Why the Central Park is so important

Developing a master-planned community brings me back to the days when I would watch my brother try to configure one of those highly complex lego sets – the car, the aeroplane or whatever it was!

There are so many moving parts, so many layers, so many things to be considered from infrastructure, feedback, policies, planning constraints, environmental considerations, beurocracy, political considerations, safety and more. 

Our Central Park had many considerations just like this! It was a development that started with hesitation from Council, with suggestions for this Park to be deleted and to be turned into residential lots instead. 

It required us to stay true to our purpose, stay true to seeing why this was an important development for the community already living in the neighbourhood and also for the hundreds of homes still to come that would be built around this. 
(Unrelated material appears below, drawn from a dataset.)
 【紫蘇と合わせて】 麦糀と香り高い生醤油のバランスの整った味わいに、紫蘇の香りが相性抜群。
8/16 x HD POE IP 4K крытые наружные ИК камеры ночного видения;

Throughout this 18 months of negotiations, meetings, proposals and the likes, it required us to honour our value of “instinct” – having the instinct to protect what matters, driven by our commitment to honor a legacy. 
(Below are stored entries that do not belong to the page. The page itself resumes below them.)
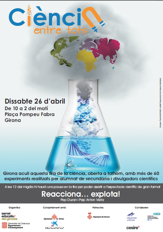 Aquest proper dissabte 26 d’abril de 2014, Girona s’afegeix a les ciutats que organitzen una fira de ciència al carrer amb la participació activa de l’alumnat i professorat dels centres del territori. La iniciativa ha sorgit del Centre de recursos pedagògics del Gironès impulsada pel professor Tavi Caselles, del que recomano la pàgina web de Física i el bloc d’experiments que edita.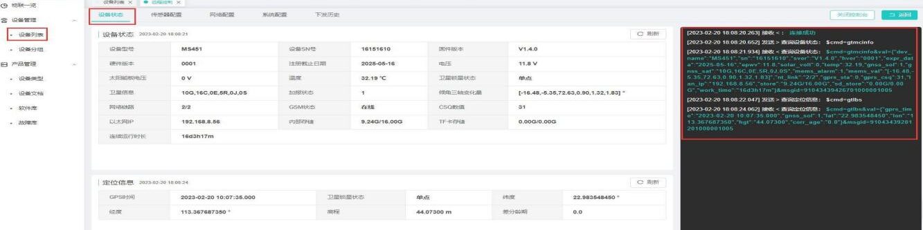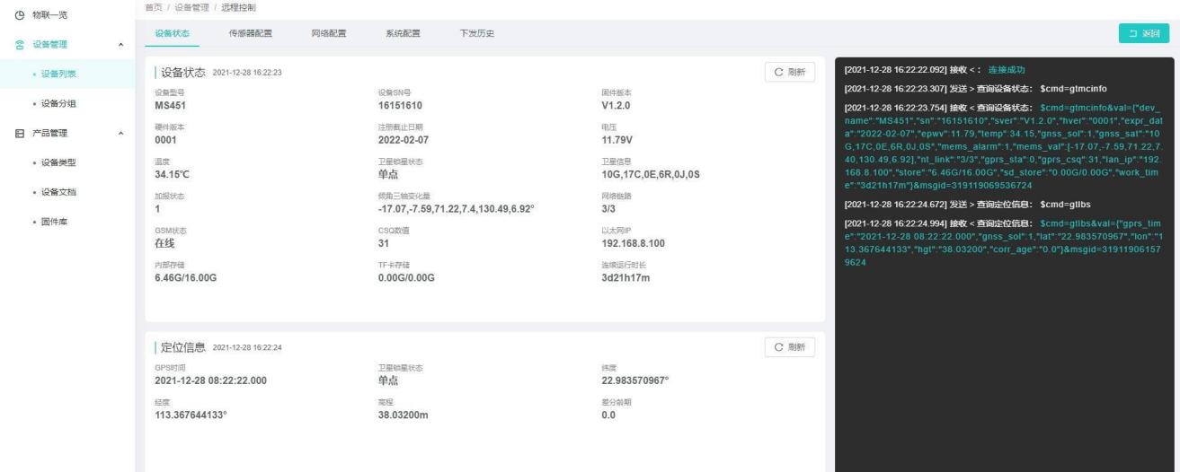 自动下发协议:进入【物联中心】-设备管理-设备列表,点击设备后的【更多】-远程控制-“设备状态”Tab页,点击【打开控制台】,右侧远程控制框,按照设定的远程控制协议【查询设备状态->查询定位信息】下发顺序,自动发送第一条协议,在配置时间内(如10s)收到回执后继续下发下一条远程控制协议;左侧根据右侧回执情况进行刷新展示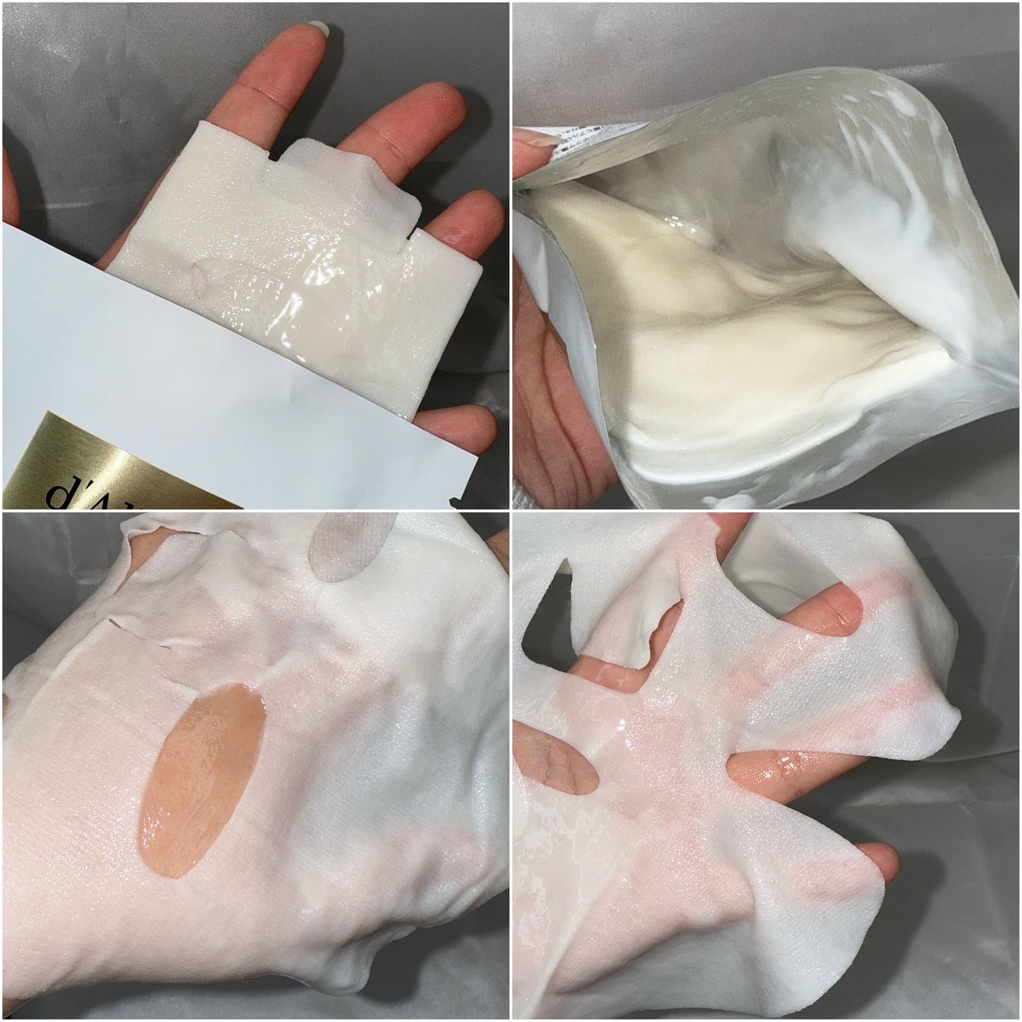 イタリア産ホワイトトリュフが肌に水分を供給し肌を整える✨️ ざらついて乾燥の気になる肌をなめらかでツヤのある肌に導きます! 高級感あるパッケージに、顎の下まで覆えるほどの大判シート🫶🏻 美容液はこっくりとした乳液タイプでたっぷり入ってる🥰 密着感のあるシートは目や鼻の横までしっかり覆える!美容液はとろっとしたジェルっぽい感じで、ベタつかずしっとり💖
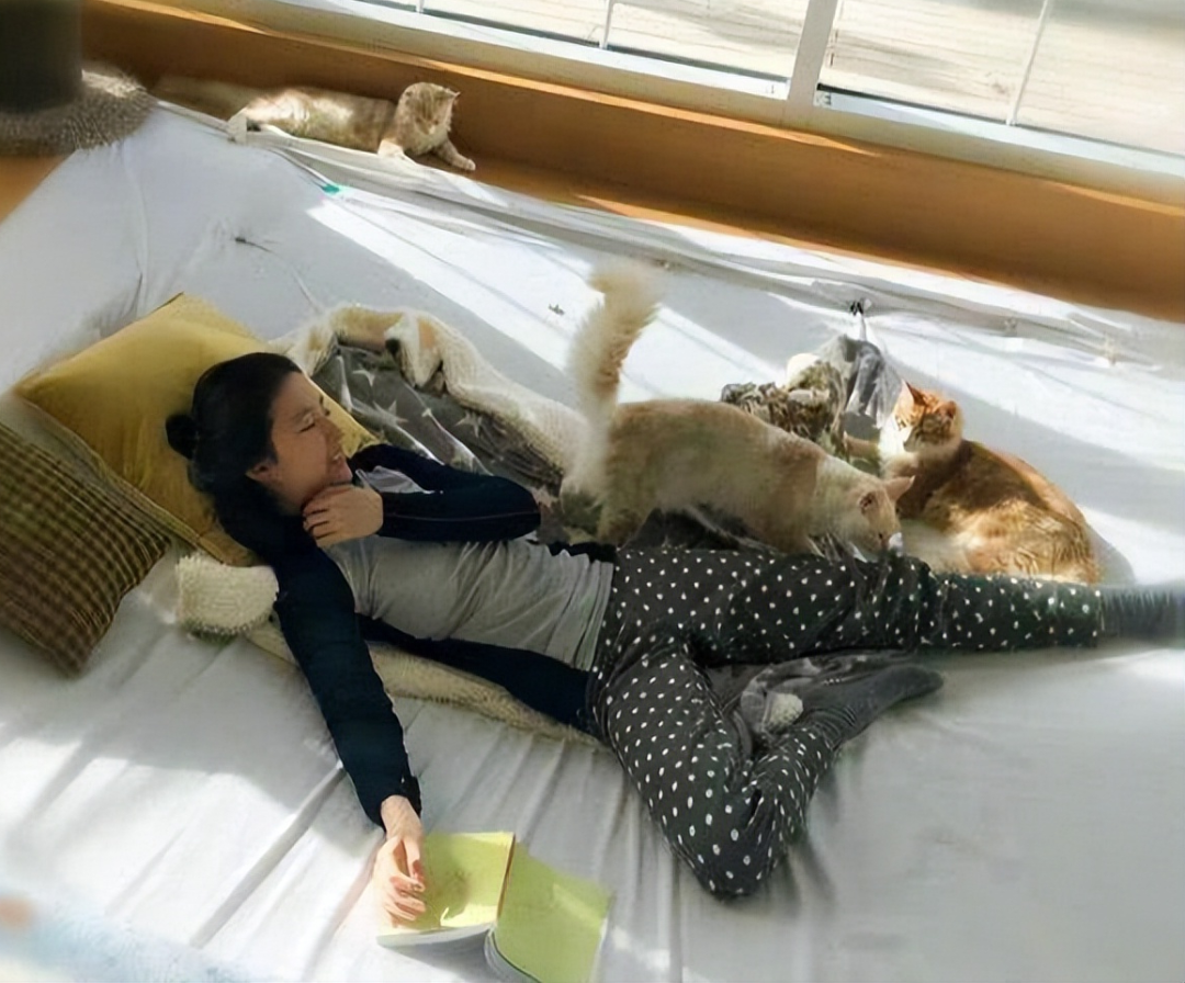 刘亦菲非常喜欢猫,总喜欢逗它玩它,抱它喂它,劳而不怨,所以在她的豪宅小院,也收留了很多流浪猫,;
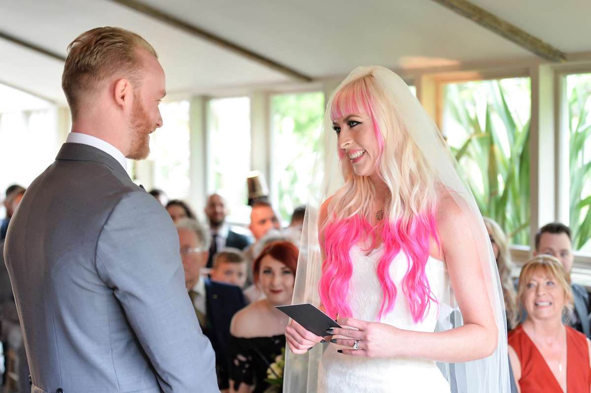 “We wanted the day to reflect us and to not be a completely traditional wedding”, Abby told us. “I was on Pinterest a lot and took bits that I liked to make our own. We’re not the most imaginative couple, but I like to think that we did ourselves proud. We did keep some traditional things though; I wore white (despite friends guesses that I’d be in black or purple!) and we still had the speeches and first dance.”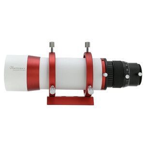 La livraison comprend deux colliers d'attache pour lunette de visée de 80 mm et trois vis à pointe en nylon, ainsi qu'un rail prismatique Vixen (niveau GP) court qui permet le raccordement à la plupart des lunettes de visée courantes avec profil standard.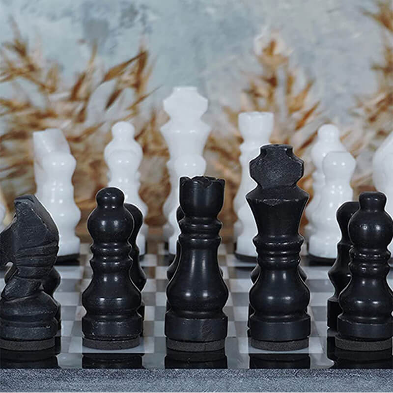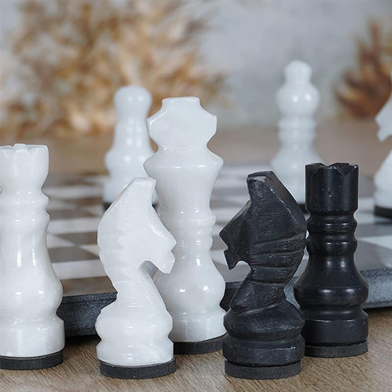 - Material: This chess set is from high quality marble onyx. Chess Board & Chess pieces are fully hand polished.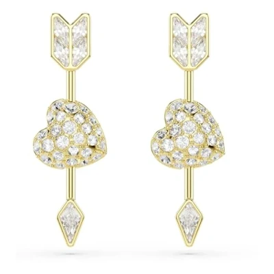 Swarovski Idyllia Drop Earrings, Mixed Cuts, Heart With Arrow, White, Gold Tone Plated

I’m so very pleased to say – we did it and that in August of this year, we will be able to share this incredible experience with all of the community as we open our mega sized, state of the art 1.1ha Central Park.  


Just as in 2014, we opened the Clive Brunskill Memorial Park and worked with council to bring this to the community, we truly recognise the importance of Parks in our neighbourhoods for many reasons. 
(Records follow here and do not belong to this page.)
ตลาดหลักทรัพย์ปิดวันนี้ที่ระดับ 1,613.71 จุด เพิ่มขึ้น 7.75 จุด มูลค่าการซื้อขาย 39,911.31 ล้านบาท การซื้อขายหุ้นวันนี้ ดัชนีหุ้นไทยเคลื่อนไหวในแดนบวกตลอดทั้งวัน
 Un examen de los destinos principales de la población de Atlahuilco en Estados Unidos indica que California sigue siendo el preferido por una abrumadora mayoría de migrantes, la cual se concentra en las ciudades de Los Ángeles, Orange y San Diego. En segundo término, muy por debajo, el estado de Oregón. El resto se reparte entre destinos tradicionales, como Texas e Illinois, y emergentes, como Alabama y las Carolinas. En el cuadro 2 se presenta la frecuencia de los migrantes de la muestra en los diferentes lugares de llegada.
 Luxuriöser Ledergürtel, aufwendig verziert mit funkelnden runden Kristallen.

Parks are a great way for children to learn how to make connections, not only the children, but it also brings together grandparents and parents, either from the same neighbourhood or as relations of residents. This lead to the inclusion of BBQs with lighting, so these gatherings can also happen in a safe place in the evening watching the Brunslea Park sunset.


Encourages play

In today’s society with an increased focus on technology, we can also see that it is important for children to remain to have a connection with nature and with “play”. Our 1.1ha Central Park was developed by Somewhere Landscapes in Wagga Wagga and the brief was – make it cater for all ages. We wanted for this to be an inclusive space. This lead to the inclusive of the rock play creek bed, flying fox, five way swing and climbing pyramid.


Children and teenagers of all ages, want something to do! We see having Parks as a key place in the community for people to go to engage in safe activities, without and dangerous hazards.


I can remember as a child myself, the Park in Forest Hill I would often go to and spend time there on the weekends – playing in the sandpit! Parks are also a place of memories and contribute to the relationships in our lives – between parents and children, families and strangers. Parks can be a meeting place where friendships and life-long connections are formed.

So, all of these points above were really the driving factors behind why this Central Park was a priority for us. Of the items discussed at our Resident Information Night, Parks and Footpaths were the priorities. We’re so excited to tick off on both of these this year. 

We want you to contribute your ideas for the Central Park Opening and we also plan to have regular community BBQs once it is up and running. Thanks for continuing to contribute and shape a better community.